PRICING STRATEGIES OFTEN FAVOR SUPERMARKET SHOPPERS, STUDY FINDS

COLUMBUS, Ohio -- Supermarket managers think you're watching the prices of some of their goods -- like bananas and milk -- very closely.

That's why managers are likely to match competitors' price cuts on these highly visible products -- but won't match competitors' price increases, a new study suggests.

"Our results run counter to the popular view that businessmen in this country conspire to set higher prices," said Peter Dickson, professor of marketing at Ohio State University's Fisher College of Business.

"If anything, supermarkets are too price competitive on some products."

The study, published in a recent issue of the Journal of Retailing, involved a nationwide sample of 174 supermarket managers and executives responsible for setting prices at their stores. Dickson and co-author Joel Urbany of the University of Notre Dame conducted the study to find out how store managers make their pricing decisions.

The managers were given a hypothetical situation in which

they had to react to price cuts and increases on eight different products from competing stores in their area.

The results indicated that some products have special significance to managers, Dickson said. Managers believe consumers use these products -- generally staple items which are bought frequently -- to judge a store's price image.

"What the supermarket has to do is find out which products their customers use to judge prices and then have the lowest price on those items," Dickson said.

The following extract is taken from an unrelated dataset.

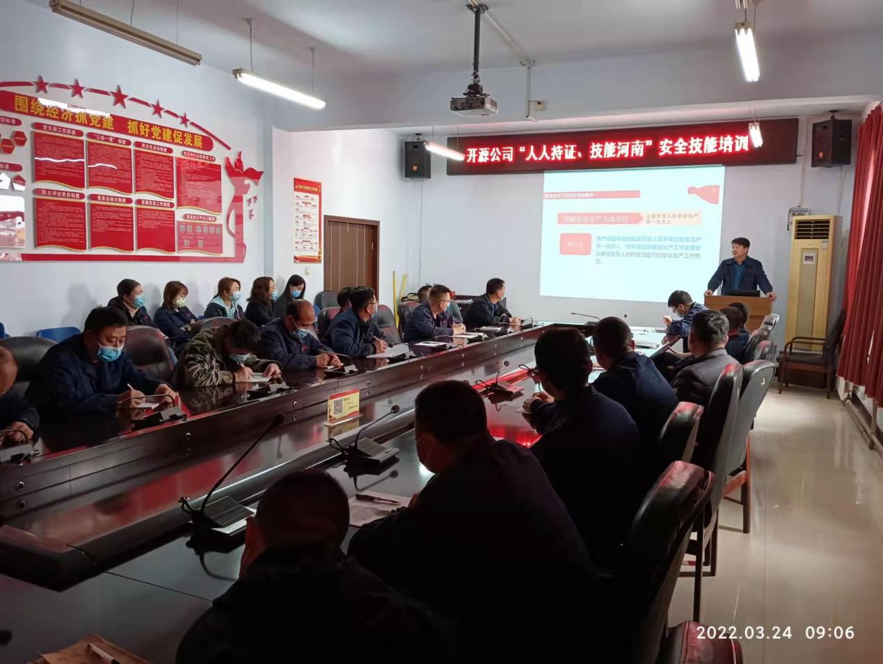 3月24日,開源公司對照靈應急﹝2022﹞14号文件《關于加快推進“人人持證、技能河南”》工作實施方案,組織各部門負責人、安全員工30餘人,進行安全技能培訓,公司副總經理杜文樂主持并對新修改《安全生産法》内容講解培訓。

In this study, bananas were one such "price image" product. When a competing store cut prices on bananas, the managers in the study said they would beat that new price by an additional 9 percent. When the competing store raised prices on bananas, the managers said they would still cut prices 3 percent to expand their price image advantage.

But managers don't react this strongly to all price cuts by competitors. If a competing store lowered prices on orange juice, the managers surveyed said they would lower their price -- but only one-fifth as much as their competitor. However, if the other store raised prices on orange juice, the managers said they would match about 90 percent of the price increase.

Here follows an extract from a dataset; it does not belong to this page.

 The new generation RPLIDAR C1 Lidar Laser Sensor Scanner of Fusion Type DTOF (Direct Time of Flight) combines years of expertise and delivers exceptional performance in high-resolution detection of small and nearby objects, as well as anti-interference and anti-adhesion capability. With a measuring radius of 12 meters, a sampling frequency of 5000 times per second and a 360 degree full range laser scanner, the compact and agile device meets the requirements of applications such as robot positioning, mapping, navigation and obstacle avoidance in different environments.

This suggests that managers believe consumers don't pay as much attention to orange juice prices as they do to prices on bananas, Dickson said.

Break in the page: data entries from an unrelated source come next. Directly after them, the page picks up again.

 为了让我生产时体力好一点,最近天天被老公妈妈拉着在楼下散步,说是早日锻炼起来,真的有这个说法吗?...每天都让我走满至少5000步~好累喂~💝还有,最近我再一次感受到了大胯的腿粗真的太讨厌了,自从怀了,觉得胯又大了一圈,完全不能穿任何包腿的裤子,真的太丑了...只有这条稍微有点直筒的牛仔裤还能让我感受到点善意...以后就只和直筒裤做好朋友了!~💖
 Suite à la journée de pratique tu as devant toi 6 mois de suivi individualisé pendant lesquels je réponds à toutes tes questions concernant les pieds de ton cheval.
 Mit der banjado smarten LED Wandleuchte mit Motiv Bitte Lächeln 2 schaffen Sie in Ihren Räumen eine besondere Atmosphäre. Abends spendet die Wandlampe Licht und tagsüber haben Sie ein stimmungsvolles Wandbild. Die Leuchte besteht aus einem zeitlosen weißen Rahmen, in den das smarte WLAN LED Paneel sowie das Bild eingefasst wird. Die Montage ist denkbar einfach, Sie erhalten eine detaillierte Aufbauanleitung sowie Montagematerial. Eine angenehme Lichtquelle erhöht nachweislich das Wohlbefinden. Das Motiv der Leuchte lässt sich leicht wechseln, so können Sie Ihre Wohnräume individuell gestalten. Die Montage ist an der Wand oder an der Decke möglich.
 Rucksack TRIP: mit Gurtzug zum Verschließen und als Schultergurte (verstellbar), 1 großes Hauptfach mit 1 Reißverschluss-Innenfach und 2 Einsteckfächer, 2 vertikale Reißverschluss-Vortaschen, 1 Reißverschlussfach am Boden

Of the eight products in the study, five fit the profile of price image products. They were bananas, milk, Coca-Cola, bologna and mayonnaise. For two items -- orange juice and corn flakes -- managers were more likely to follow competitors' price hikes than price cuts. There was no strong effect either way for coffee prices.

Another wrinkle was also added to the study: managers were told either that a low percentage (10 to 25 percent) or a high percentage (75 percent) of the consumers in their area were active price comparison shoppers. Surprisingly, this didn't have an effect on the managers' pricing strategies. Dickson said he had believed that managers who were told consumers weren't comparison shoppers would be less likely to cut prices and more likely to raise them. But that wasn't true.

"I think this shows that the supermarket industry is very competitive and managers are aggressive about attracting consumers based on price," Dickson said.